“What do you call these visions who seem strange yet familiar?” I am asked.

One visitor thinks them medieval, another from the Renaissance, still another claims they belong to the future.

A new visitor connects them to Picasso’s Saltimbanque Family.

I tried calling them clowns, but would awkwardly qualify them not to be from the modern circus.

They are the clown of Shakespeare or Rouault or possibly Watteau.

In correspondence to Rouault, his friend Andre Saures describres “the clown is a leader, the very opposite of victim. The clown is wisdom or its parody, folly….”

I think, in this respect, they are clowns.

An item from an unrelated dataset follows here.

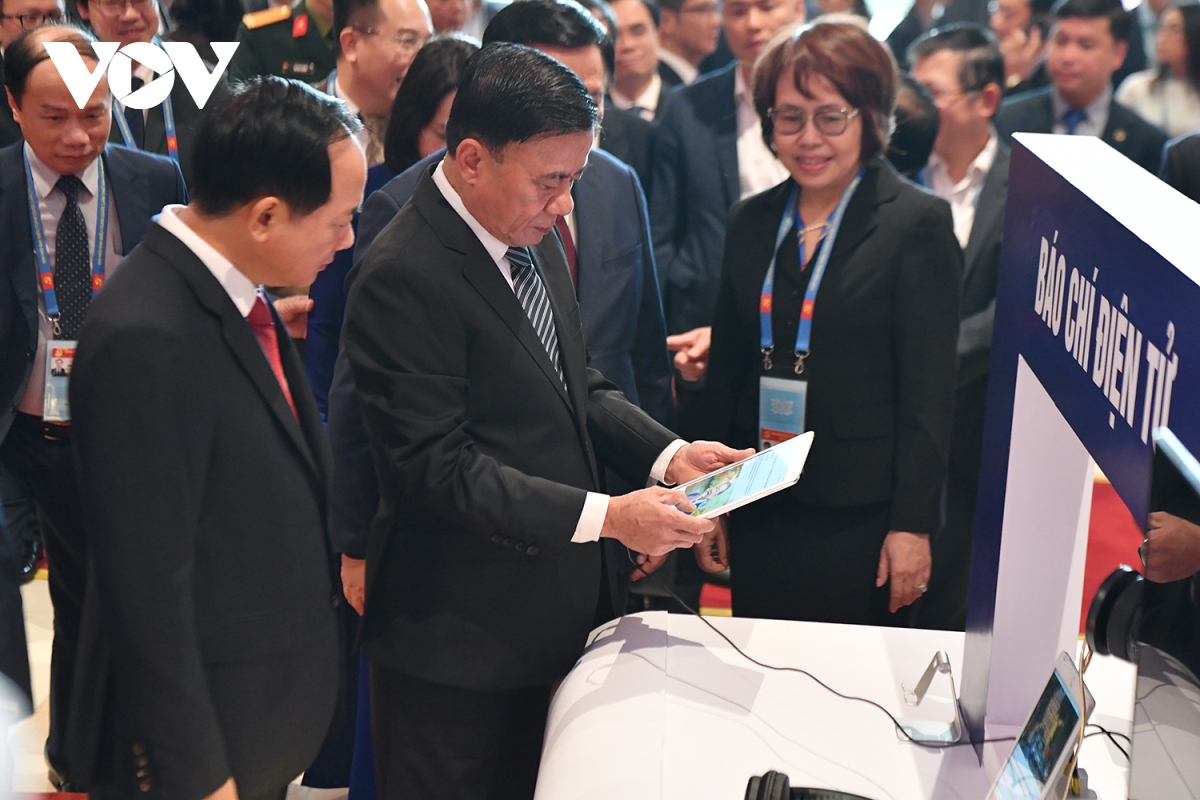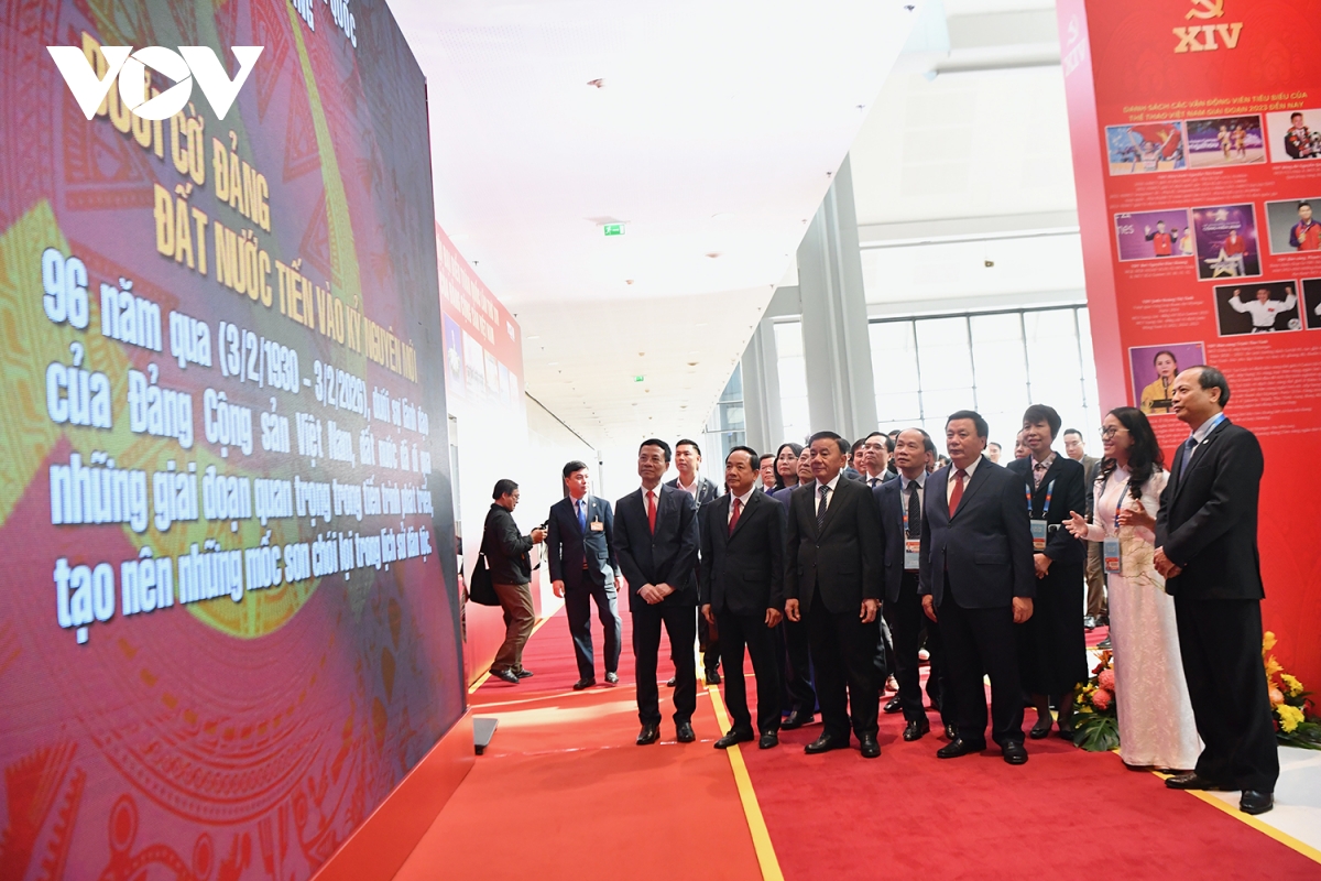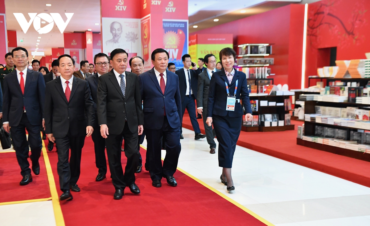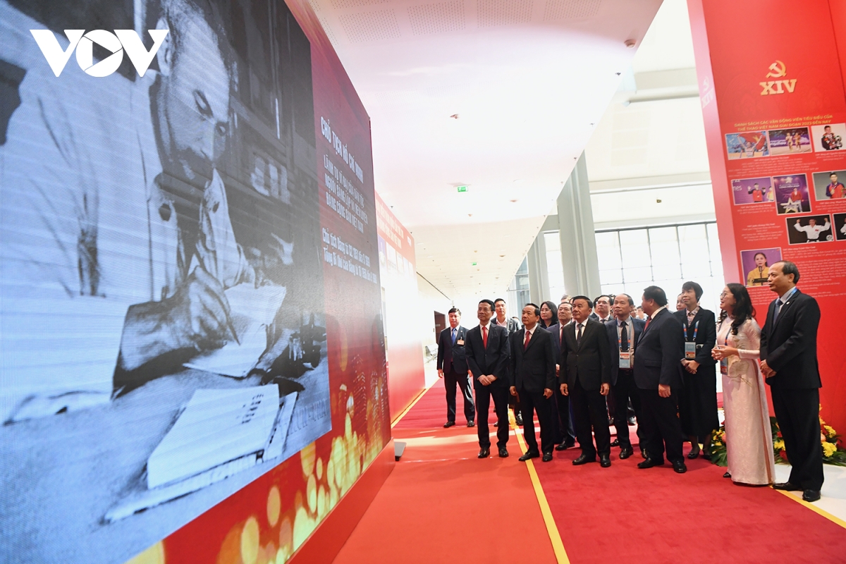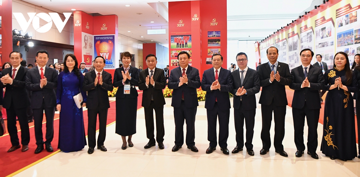 VOV.VN - Lãnh đạo Đảng, Nhà nước cùng đông đảo đại biểu đã tham quan Triển lãm “Từ Đại hội đến Đại hội”; Khu trưng bày sách, báo; Khu triển lãm ảnh “Dưới cờ Đảng, đất nước tiến vào kỷ nguyên mới”; Lễ phát hành đặc biệt bộ tem bưu chính chào mừng Đại hội Đại biểu toàn quốc lần thứ XIV của Đảng.

Several years ago, a visitor suggested the word refugee. “They are refugees from your mind, they are presented without connection to surroundings, they have the look of having left one place for another.”

I think they have a strong refugee quality. These visions have departed their origins in the deep centers of the earth, traveling through my unconscious into the light.

Recently a regular visitor suggested to call them pirandellos after Luigi Pirandello, Italian futurist playwright.

Pirandello asks through his characters what is real, what is truth. “Can we even know our real selves, let alone other people? Is what we pass off as ourselves to our friends real or an illusion? Which is nearer the truth—the face or the mask?”

Yes, I thought, my characters, as Pirandello’s, cross the line between the inner and outer world asking some of the same questions.

The next visitor suggested to call them piradello. It is Pirandello without the n, the negative, the pessimism.

I think these beings could be called piradello. Piradello sounds right, like a combination of pierrot, punchinello and Piero della Francesca.

These piradello are clown, refugee, medieval, renaissance, futuristic,. They are from somewhere else; yet belong among us.

The piradellos are not pessimistic. As a visitor proclaimed, “They look out into the unknown searching for the infinite.”

Another visitor observed, “They are like a mirror—when we look into their eyes we see ourselves.”

I think it is true, somehow these piradellos help us be conscious of our own existence.

In this sense, as a visitor explained, they are guides.